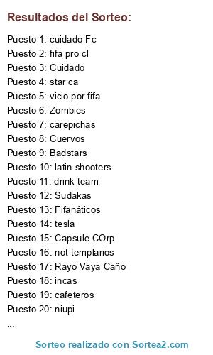 Lista de participantes: cafeteros, star ca, latin shooters, fifa pro cl, not templarios, carepichas, drink team, niupi, incas, Longa Mecanica, vicio por fifa, cuidado Fc, Rayo Vaya Caño, Fifanáticos, Cuervos, Deportivo Uruguayo, Zombies, Capsule COrp, Badstars, Sudakas, tesla, Cuidado.
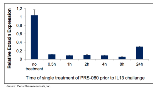Efficacy of inhaled PRS-060 is shown in the following graphic, in which eotaxin expression (a marker of airway inflammation) was induced by administration of IL-13 to the lungs of mice after pre-treatment with inhaled PRS-060. The data shows that eotaxin expression is inhibited for up to 24 hours following a single inhaled dose of PRS-060.
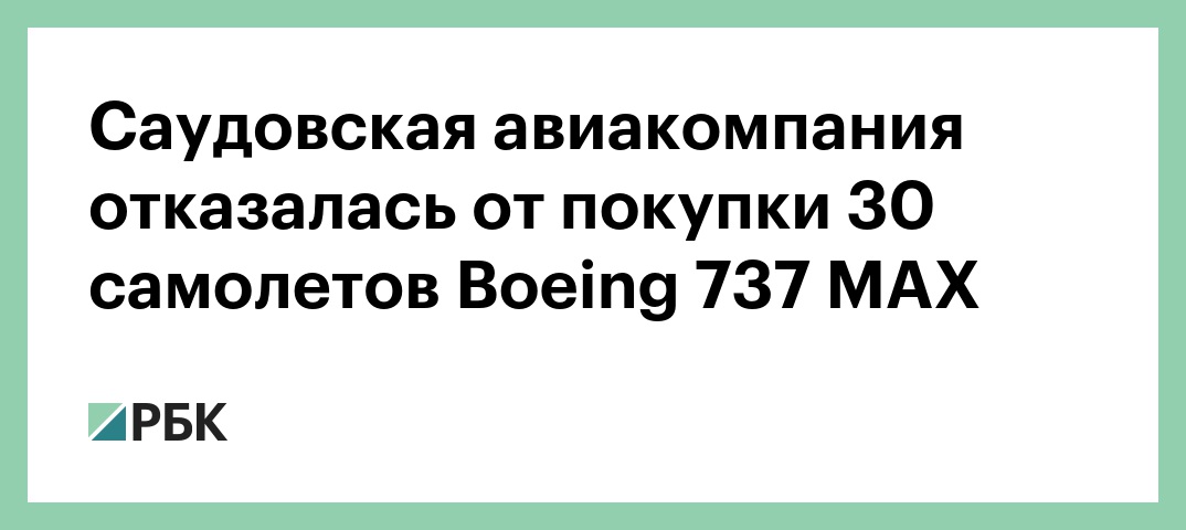 Саудовская авиакомпания Flyadeal, принадлежащая авиаперевозчику Saudia, отказалась приобретать у американской авиастроительной корпорации Boeing 30 самолетов модели 737 MАХ. Об этом сообщает BBC News.
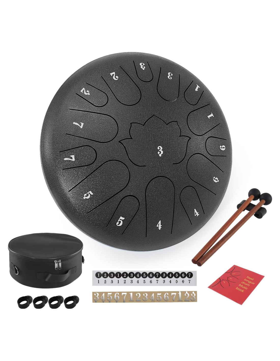 - GRAN MULTI NOTA: El tambor de lengua de acero de 12 pulgadas tiene 15 notas para más canciones. Adecuado para manos de adultos y ofrece una experiencia de juego diferente y es fácil de aprender.
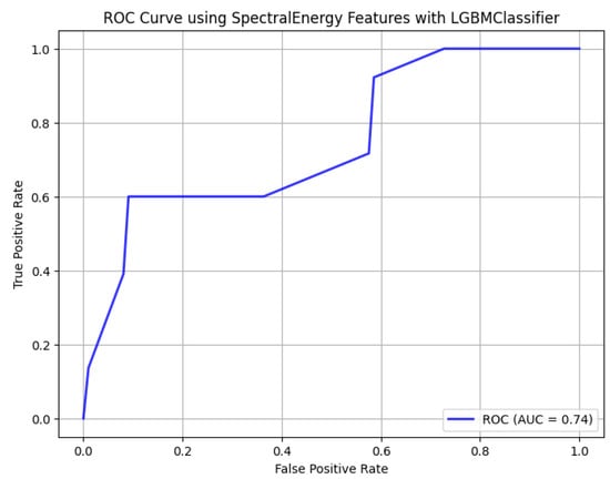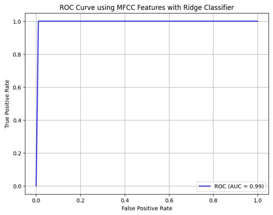 The performance of the best model for each feature extraction method was assessed using ROC curves, shown in Figure 10, Figure 11 and Figure 12. The ridge classifier performed exceptionally well with an AUC of 0.99, indicating near-perfect classification. The decision tree classifier achieved an AUC of 0.88, while the LGBM classifier reached a respectable 0.74. Overall, the combination of MFCC features and the ridge classifier was the most effective for the classification task.
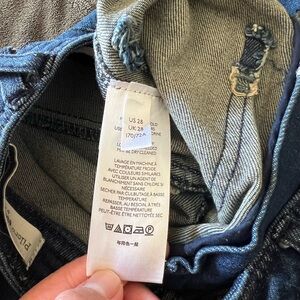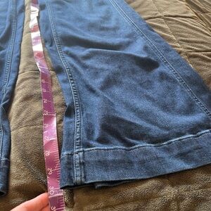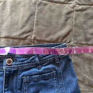 Pre owned Anthropologie Pilcro Ultra High-Rise Flare Jeans in good condition! No flaws! Medium wear. Slim flare fit. Front and back patch pocket. Front Zip closure. Fabric is stretchable. Color is denim blue.
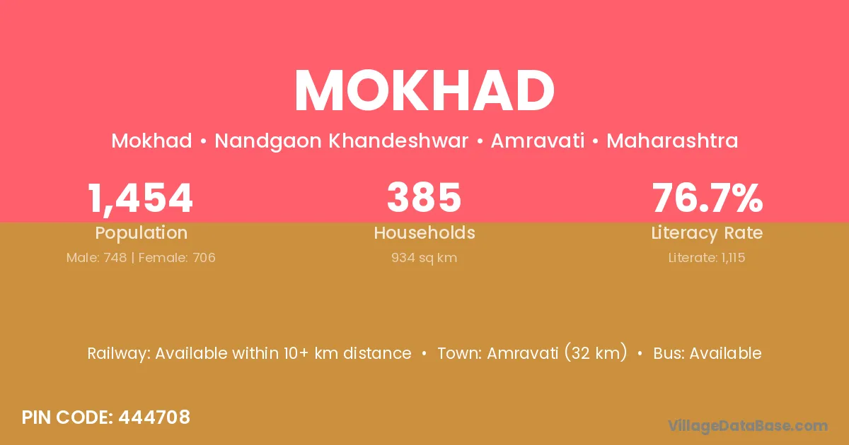 Amravati (32 km) is the nearest town to Mokhad village for major economic activities and is located approximately 32 km away.
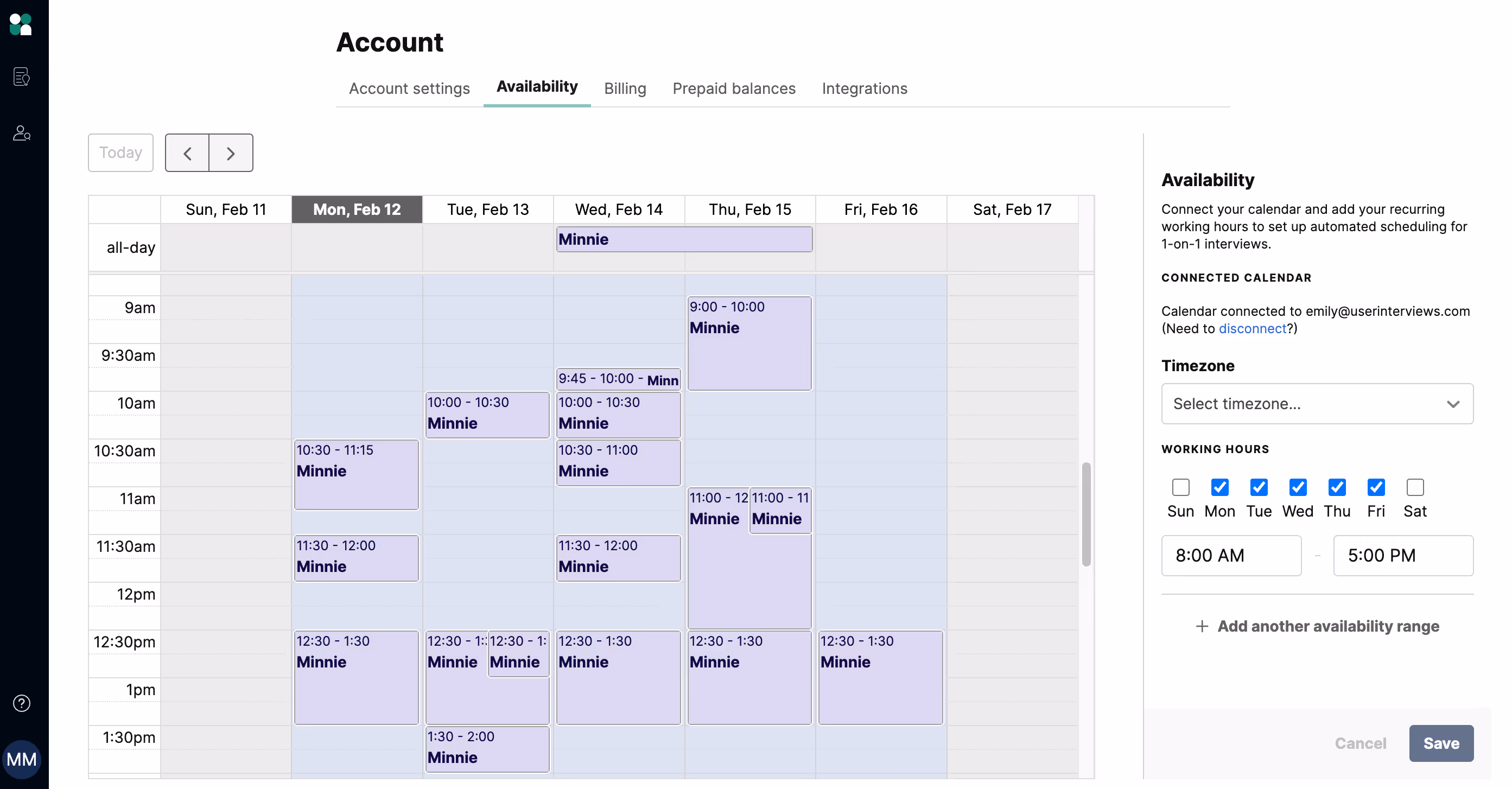 1. Connect your calendar to User Interviews from the Availability page. Click on your username when logged in, select "Account settings" from the menu, and select the “Availability” tab.
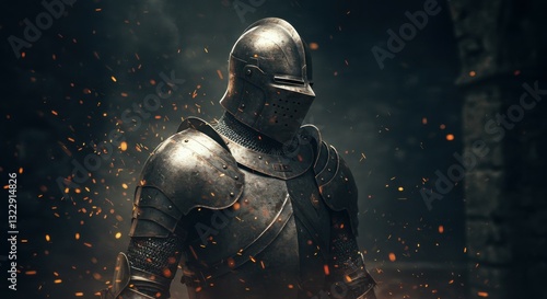 dark knight, medieval armor, glowing helmet, cinematic lighting, ethereal particles, mysterious atmosphere, fantasy warrior, shadowy background, intricate details, metallic textures, golden accents, d
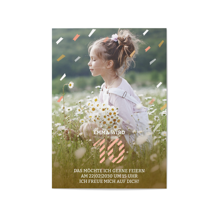 Einladungskarte Kindergeburtstag Konfettiregen 10 Rosa
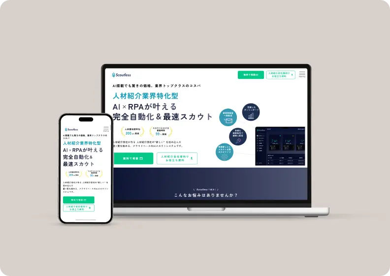 「Scoutless」は、人材ビジネスを展開する企業様向けに設計されたAI×RPAスカウト自動化サービスです。候補者の経歴やスキルをAIが解析し、最適なスカウト文面の生成から送信までを24時間自動化。スカウト業務の工数削減と返信率の最大化を同時に実現します。業務の自動化によって、キャリアアドバイザーや営業担当者はより戦略的な活動に集中でき、人材獲得の成果向上と採用プロセス全体の効率化に貢献しています。
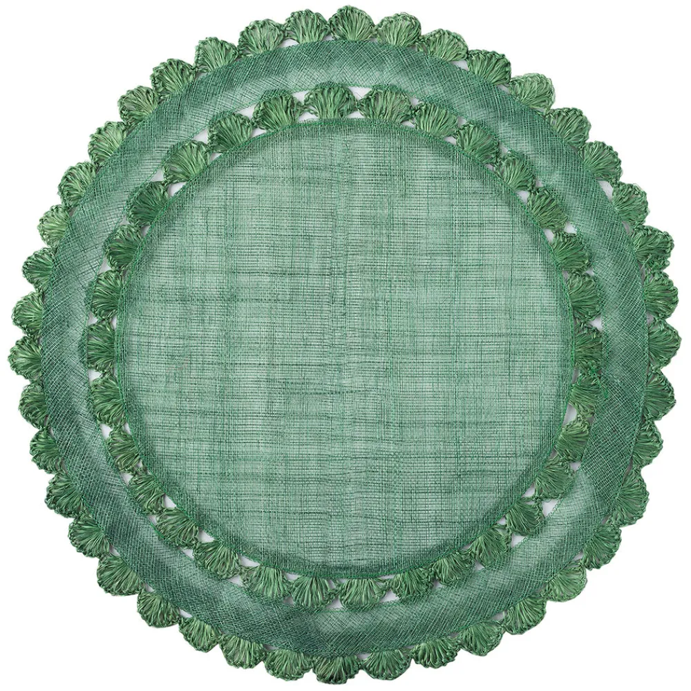 Natural fibers are woven in a rich green hue and embellished by a ruffled trim on the Isadora Evergreen Placemat to create a frame for table settings that is both relaxed and elegant.
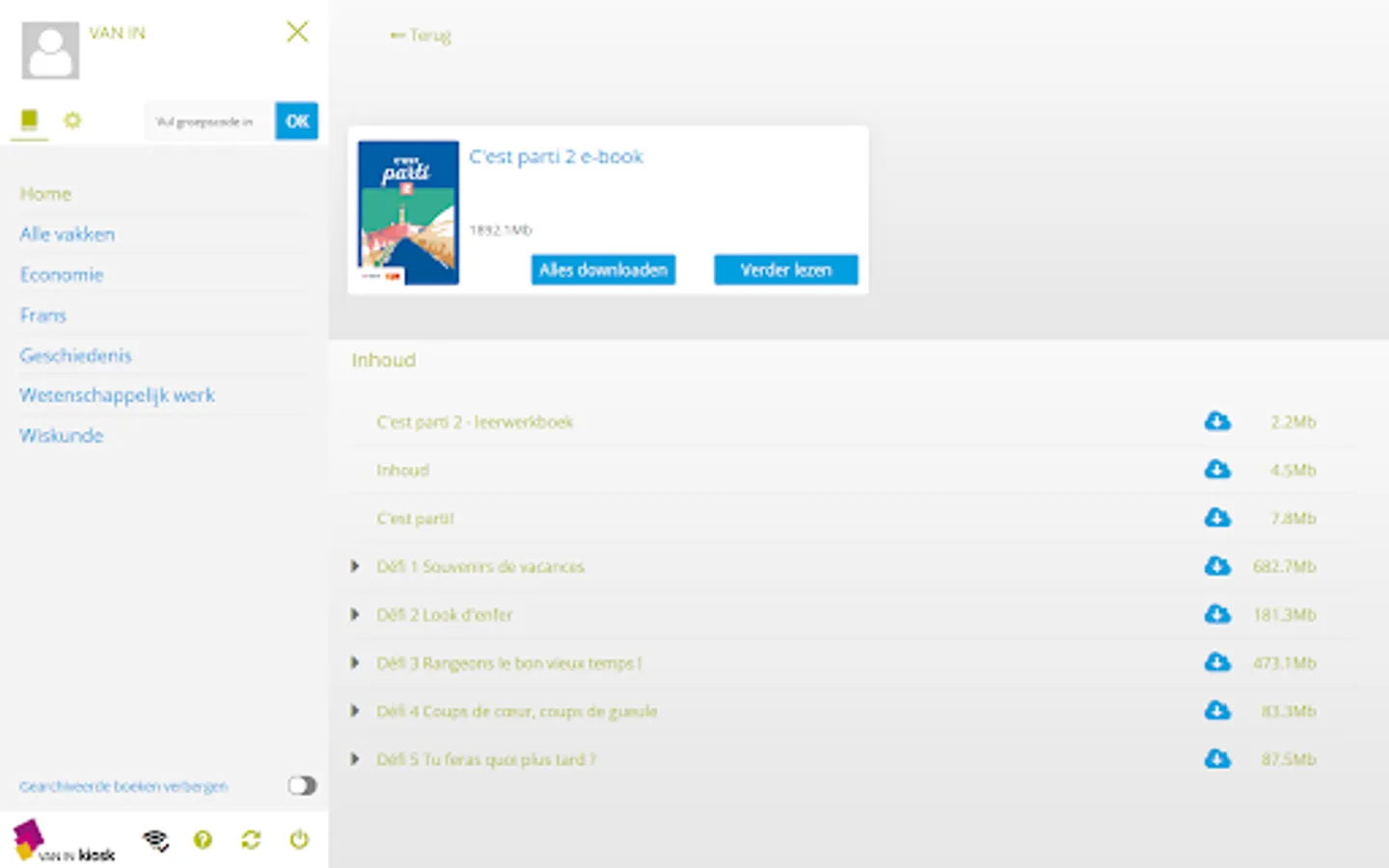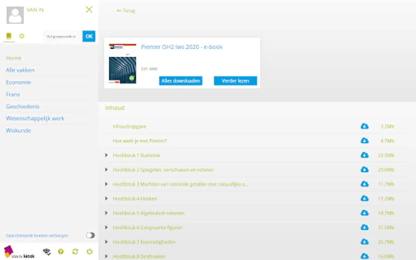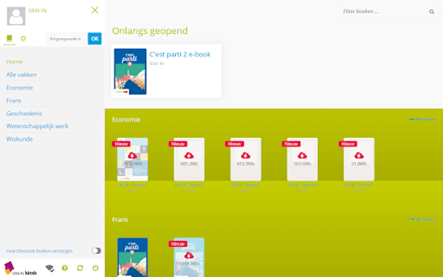 With the VAN IN kiosk app you can call up the e-books of Uitgeverij VAN IN and display them on your bookshelf.
####################
* WHAT YOU SHOULD DO
Reproduce, exactly and only, the lines of the records above starting at the line with "The performance of" and ending at the line with "1. Connect your", both included. Leave every picture out.

* RESPONSE TO THIS TASK
 The performance of the best model for each feature extraction method was assessed using ROC curves, shown in Figure 10, Figure 11 and Figure 12. The ridge classifier performed exceptionally well with an AUC of 0.99, indicating near-perfect classification. The decision tree classifier achieved an AUC of 0.88, while the LGBM classifier reached a respectable 0.74. Overall, the combination of MFCC features and the ridge classifier was the most effective for the classification task.
 Pre owned Anthropologie Pilcro Ultra High-Rise Flare Jeans in good condition! No flaws! Medium wear. Slim flare fit. Front and back patch pocket. Front Zip closure. Fabric is stretchable. Color is denim blue.
 Amravati (32 km) is the nearest town to Mokhad village for major economic activities and is located approximately 32 km away.
 1. Connect your calendar to User Interviews from the Availability page. Click on your username when logged in, select "Account settings" from the menu, and select the “Availability” tab.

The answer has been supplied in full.